Docteur en anthropologie sociale, Abdu Gnaba appelle à considérer l’intelligence artificielle pour ce qu’elle est : un outil. Et le directeur de l’agence Sociolab, de plus en plus confronté à des problématiques qui opposent technologie et humanité, invite le politique à se réapproprier le récit au bénéfice du progrès et non de l’innovation.
Est-ce que l’intelligence artificielle ne nous aurait pas rendus complètement idiots ? L’intelligence artificielle n’engage que ceux qui y croient…
Comme les promesses électorales ? Exact. C’est un outil. Le fait de l’appeler « intelligence artificielle », c’est déjà biaiser l’idée qu’on veut mettre dedans. C’est un supercalculateur qui nous aide à faire d’autres choses. Si mon cerveau est libéré des numéros de téléphone, que je n’ai plus à mémoriser, théoriquement, ce serait pour faire autre chose. Se remplir d’art, de culture, de philosophie ou d’autre chose. Malheureusement, cette intelligence artificielle, grâce à son dragon qui est l’algorithme, juste un outil merveilleux, nous enferme dans du prêt-à-penser. Finalement, elle atrophie notre capacité d’imagination. C’est une machine qui ne sait pas dire non.

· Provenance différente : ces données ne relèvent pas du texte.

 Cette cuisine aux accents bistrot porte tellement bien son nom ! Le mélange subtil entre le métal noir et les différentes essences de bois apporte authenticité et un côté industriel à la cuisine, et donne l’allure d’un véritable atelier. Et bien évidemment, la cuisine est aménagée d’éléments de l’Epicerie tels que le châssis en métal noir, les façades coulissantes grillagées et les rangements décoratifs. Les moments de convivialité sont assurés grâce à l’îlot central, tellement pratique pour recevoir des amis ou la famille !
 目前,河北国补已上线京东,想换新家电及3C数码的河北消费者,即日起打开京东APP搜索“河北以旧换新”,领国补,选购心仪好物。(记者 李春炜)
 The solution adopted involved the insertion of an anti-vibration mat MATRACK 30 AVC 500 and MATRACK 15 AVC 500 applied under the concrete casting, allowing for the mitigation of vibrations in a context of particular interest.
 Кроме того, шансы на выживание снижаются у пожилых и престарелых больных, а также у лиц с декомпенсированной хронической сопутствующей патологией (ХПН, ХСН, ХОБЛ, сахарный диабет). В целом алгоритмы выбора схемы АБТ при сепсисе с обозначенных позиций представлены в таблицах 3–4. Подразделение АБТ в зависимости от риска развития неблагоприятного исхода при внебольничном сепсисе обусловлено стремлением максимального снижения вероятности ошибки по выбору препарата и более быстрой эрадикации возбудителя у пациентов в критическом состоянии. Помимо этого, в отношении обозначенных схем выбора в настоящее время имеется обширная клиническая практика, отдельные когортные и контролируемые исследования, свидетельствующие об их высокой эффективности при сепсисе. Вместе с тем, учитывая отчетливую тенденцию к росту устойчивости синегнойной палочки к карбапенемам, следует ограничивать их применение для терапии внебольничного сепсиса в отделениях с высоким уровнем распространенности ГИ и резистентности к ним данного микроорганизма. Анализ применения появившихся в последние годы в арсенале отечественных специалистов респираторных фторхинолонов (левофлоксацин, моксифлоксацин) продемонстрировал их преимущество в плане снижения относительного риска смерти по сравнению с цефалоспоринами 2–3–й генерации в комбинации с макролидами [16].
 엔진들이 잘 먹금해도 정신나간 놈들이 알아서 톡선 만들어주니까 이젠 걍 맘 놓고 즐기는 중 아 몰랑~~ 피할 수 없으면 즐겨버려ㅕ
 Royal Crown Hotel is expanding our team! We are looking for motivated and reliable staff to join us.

Qu’est-ce que cela veut dire, concrètement, «qui ne sait pas dire non» ? Dès que vous mettez de la donnée, il faudra qu’elle la séquence et qu’elle la modélise pour en faire quelque chose d’autre. Dire non, ça voudrait dire quoi ? S’arrêter. Dire : « Là, je ne sais pas. » Le fait de ne pas pouvoir le dire, c’est ne pas défaire quand ce n’est pas bien fait. Pas bien, c’est éthique, c’est en fonction d’un projet qui n’est pas juste un projet de calcul ou un projet complètement matériel. Je vous donne un exemple tout bête, qui m’a été donné par un vétérinaire du CNES. On est capable d’analyser une vache, combien de calcium elle a dans ses cornes, on peut tout calculer. Mais à quoi ça sert ? S’il n’y a pas un humain qui dit à quoi ça sert, à quoi ça sert ? Ça n’a pas de sens. Le sens, c’est l’humain qui le donne.

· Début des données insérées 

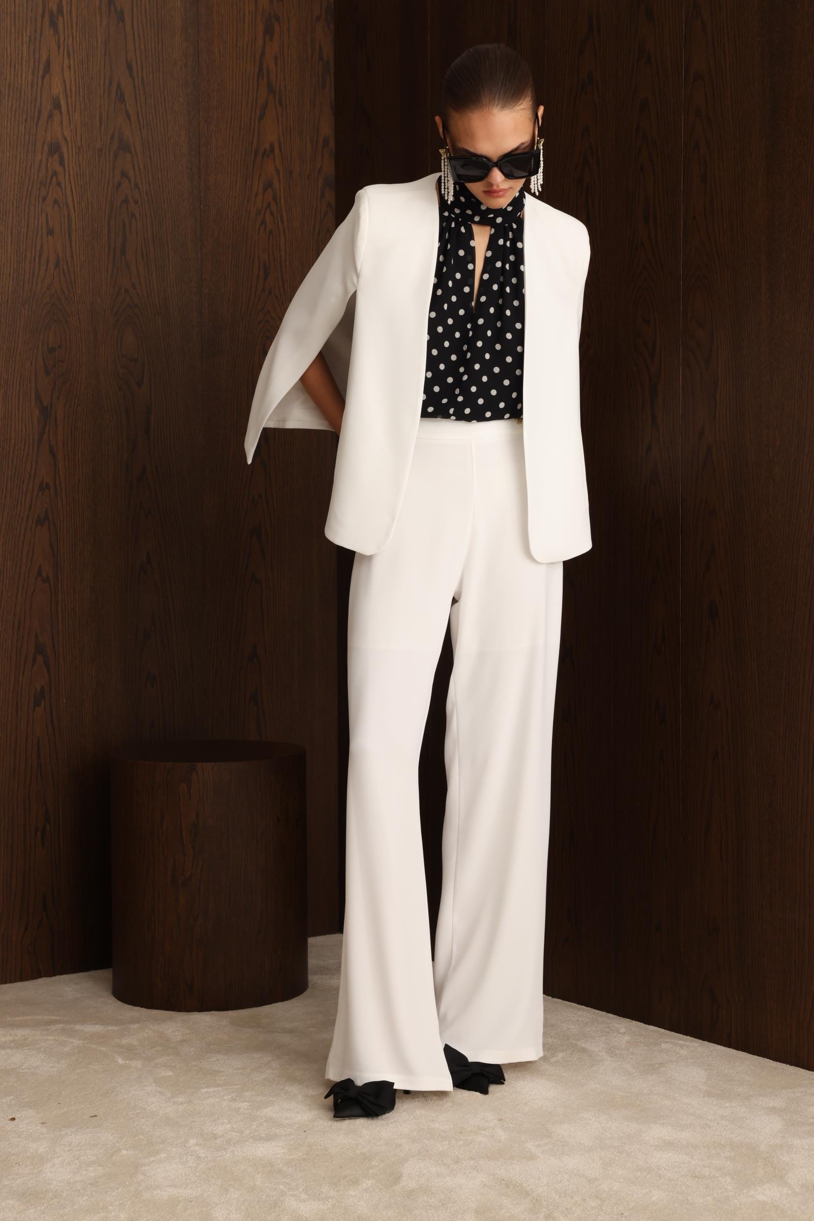 Bu ceketi, görseldeki gibi beyaz pantolonlarla kombinleyerek monokrom bir şıklık yakalayın. İçine giyeceğiniz siyah puantiyeli bluz gibi kontrast yaratan bir parça ile ceketin beyazlığını ve kesimini ön plana çıkarın. İster ofis toplantısı ister şık bir davet olsun, bu ceketle tüm bakışlar üzerinizde olacak.

Le sens, c’est quoi ? C’est tout sauf le calcul. C’est l’interstice entre ce que je ne sais pas et ce que j’ai envie de vivre. Une expérimentation. Or, c’est là que je veux en venir, on est dans une société de la valorisation de l’outil. On ne fait plus rien sans cela. Mais ce n’est même pas tant ce qui nous est proposé, le problème. C’est le « doudou » qu’il représente. Au-delà de tous les services que nous rend notre smartphone, si on ne l’a pas, on est mal. Pourquoi ? Parce qu’on n’est plus en lien. Ce smartphone, c’est le lien avec votre ami imaginaire. On met de la lumière sur l’outil, mais au bout du bout, ce que nous voulons, c’est aimer, être aimé, être reconnu et progresser dans notre humanité. Et ça, l’intelligence artificielle ne nous le proposera jamais.

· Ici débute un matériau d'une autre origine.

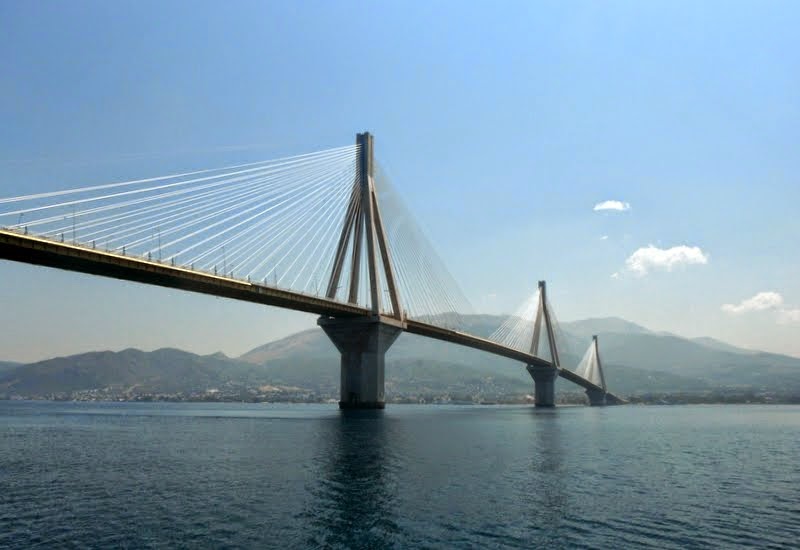 Vanaf de haven van Náfpaktos zien we de hoge Rio Antirio brug

Mais notre cerveau disponible n’est pas utilisé pour ce à quoi l’intelligence artificielle nous avait promis qu’il serait utilisé… On ne lit pas plus, on ne se cultive pas plus, on ne va pas plus au cinéma. À la limite, on regarde seulement beaucoup plus de séries Netflix, avachi sur le canapé… Si vous y croyez, elle vous absorbe. Si l’on arrêtait de l’appeler « intelligence artificielle » et qu’on la considérait comme un simple outil, déjà cognitivement, vous seriez tourné vers autre chose. Intellegere, il y a beaucoup de définitions, mais si nous en restons à « relier ensemble différentes données », nous sommes dans cette intelligence artificielle. L’intelligence humaine est la capacité d’adaptation à des environnements changeants. Si je n’accepte pas de changer, ce petit moment de latence pour pouvoir m’adapter, ce moment de vide, ce moment de « je ne sais pas », ce moment suspendu qui m’oblige à ouvrir des cases pour imaginer le monde tel qu’il pourrait être et dans lequel j’ai envie de me projeter, alors je m’avachis dans mon canapé et je reste enfermé dans l’immédiateté.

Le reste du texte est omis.